La tarde se había cubierto de neblinas desdibujando las siluetas de los árboles y las montañas; hacían un poco de fresco, corría una brisa produciendo una sensación poco habitual en estos días de verano. Me acosté pronto, dormí toda la noche a pierna suelta. La noche anterior apenas había pegado ojo. La etapa había sido medianamente fuerte para ser el primer día.
Me levanté temprano, serían alrededor de las siete de la mañana. Bajé al bar con al intención de tomar un café y algo de comer. Para mi decepción, estaba cerrado.
La niebla daba al Camino un aspecto mitad misterioso y mitad peligroso; andar por las estrechas carreteras en aquellas circunstancia no dejaba de ser arriesgado a pesar del escaso tráfico de las mismas.
Antes de las ocho y media de la mañana llego a Premoño, me siento en un área de descanso.

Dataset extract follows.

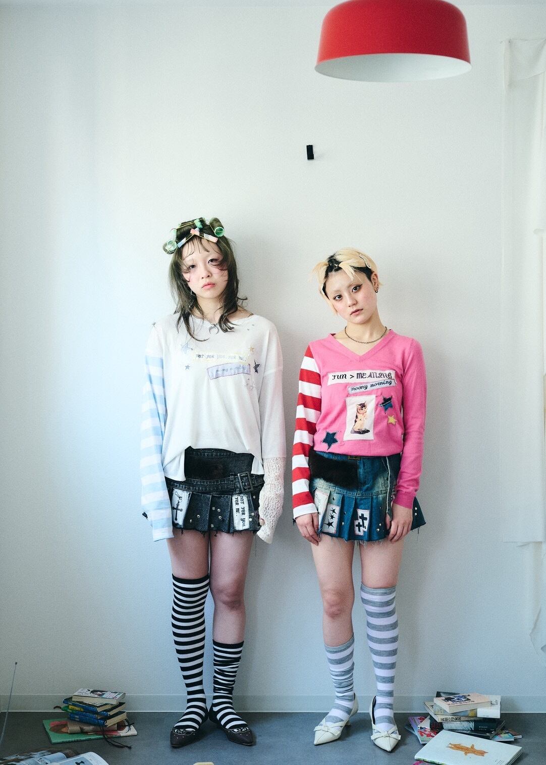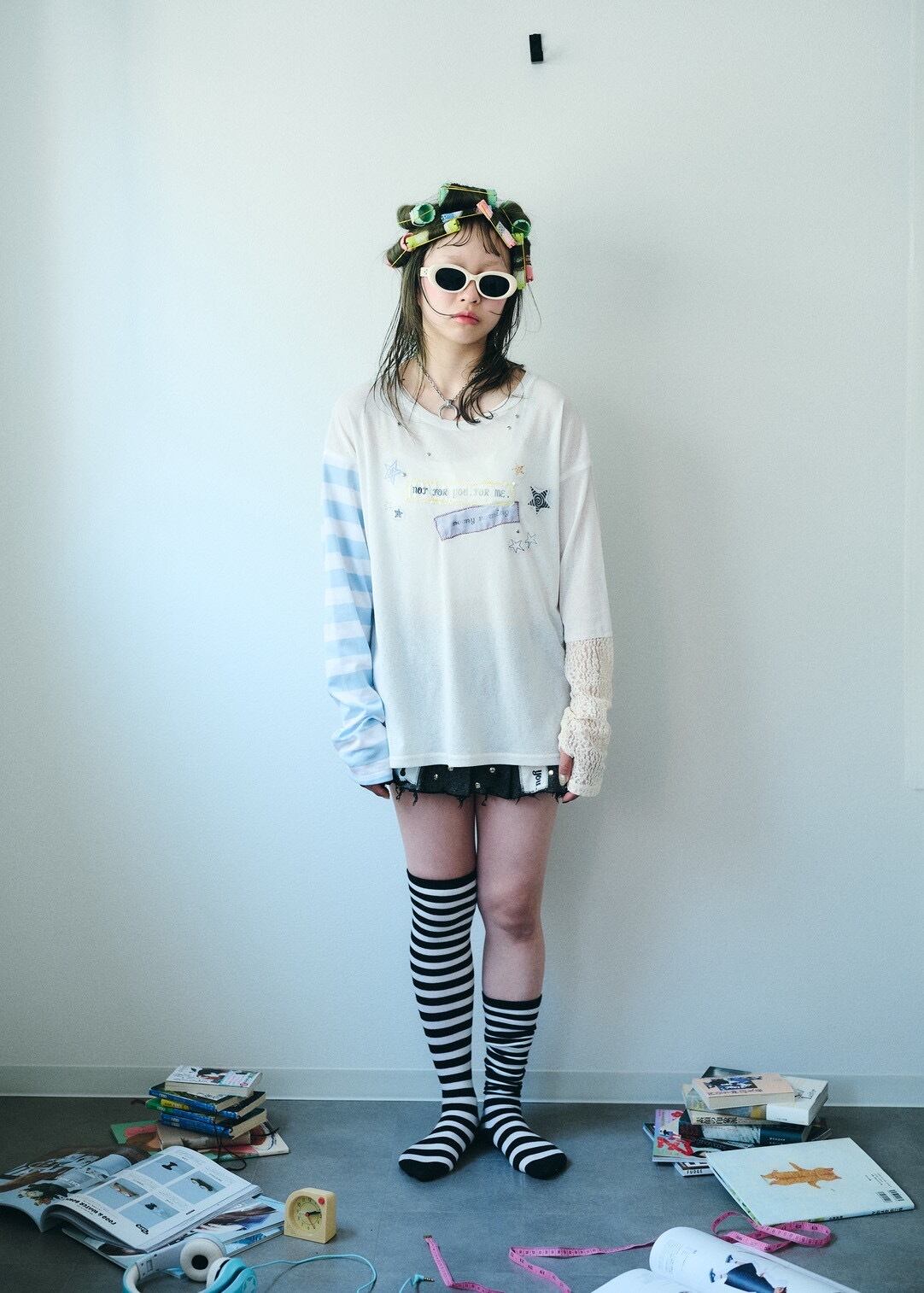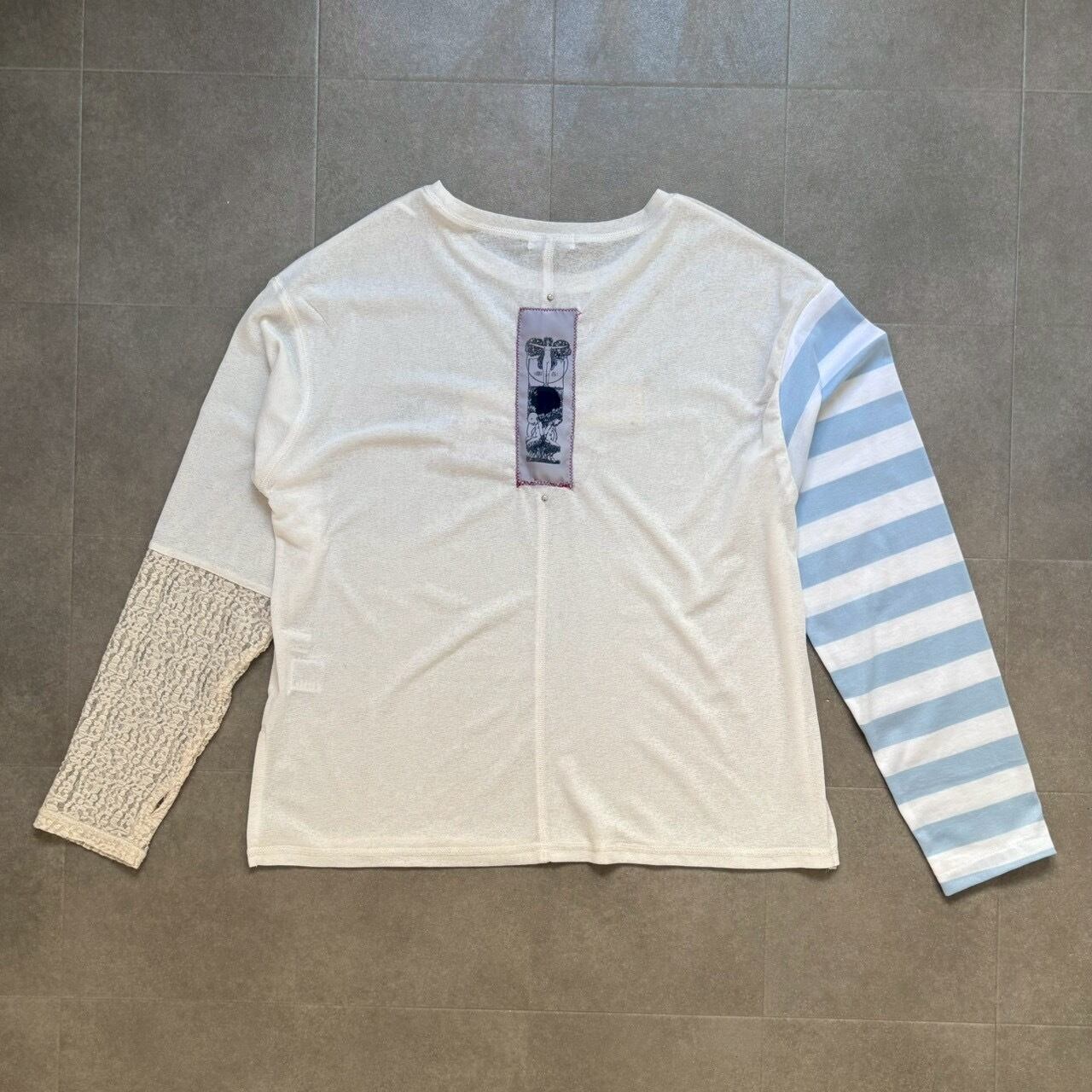 左右の袖にそれぞれボーダーとレースの切り替えを。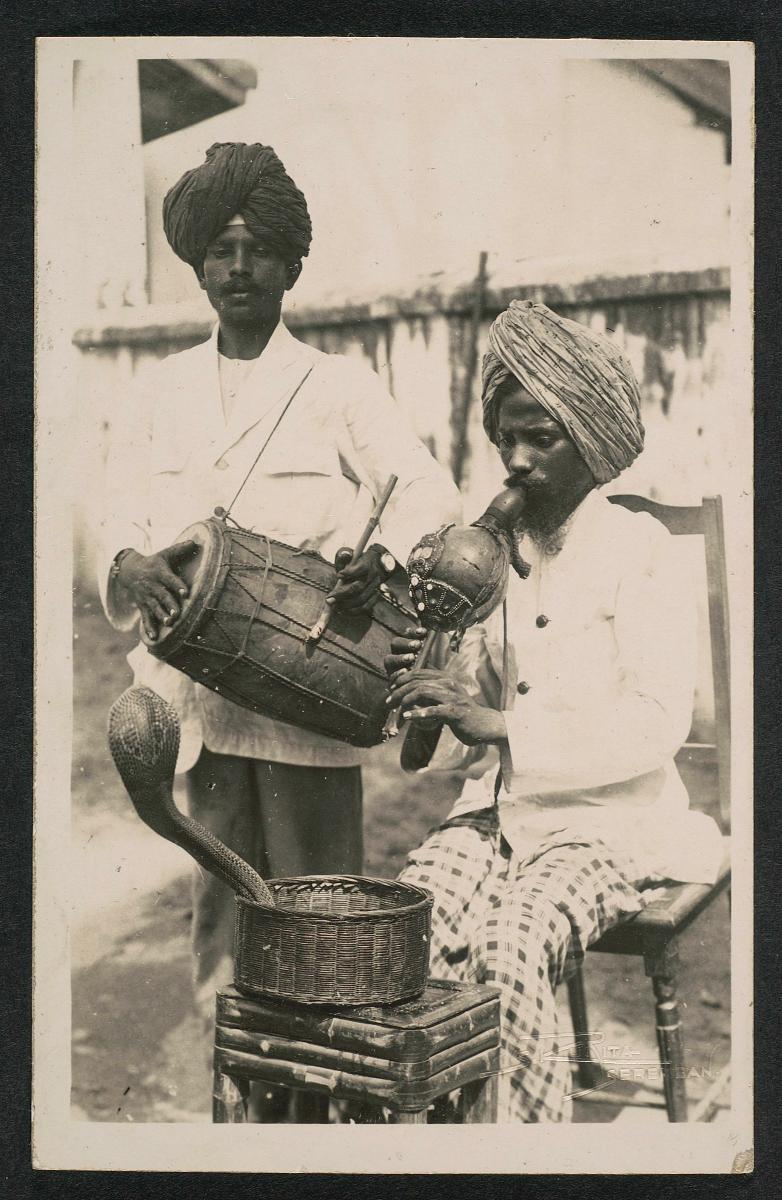 Most of the snake charmers who arrived in Singapore during the 19th century were immigrants from the city of Poona (now known as Pune) in the western Indian state of Maharashtra. These roadside entertainers made a living by making their pet snakes ‘dance’ to the music of their ‘naskar’, which is a flute-like instrument made from a bamboo stem and coconut shell. Snake charmers were a popular tourist attraction in the 1950s and 1960s and they often performed outside hotels and other public places that were frequented by tourists such as Sentosa and Mount Faber. They have since become a rare sight in modern-day Singapore.

En este trayecto tan sólo he subido un kilómetro aproximadamente de fuerte repecho. Sigo adelante y al llegar a Peñaflor, son las diez y me detengo; tomo una cerveza, me faltan tres kilómetros para Grado.
En Grado no hay albergue. Estoy sentado en una terraza, en el centro del pueblo, y aparece un peregrino. Ya lo conocía de los días anteriores, es un toledano con el que hago amistad.
Hasta ahora las primeras etapas, sin dejar de tener una cierta dureza, son asumibles. Estamos en tierras de relieve montañoso con todo lo que eso significa; subidas y bajadas a los valles, paisajes hermosos...
Charlo con mi amigo toledano y le comento que la opción que me parece mejor es ir hasta Cabruñana aunque eso signifique desviarnos unos kilómetros del Camino. Al final es la decisión que tomamos.
El albergue de Cabruñana está bien, incluso nos ofrecen utilizar una lavadora para lavar nuestras ropas. Junto al albergue, donde se recogen las llaves y se sella la credencial, está un bar en el que se come bien.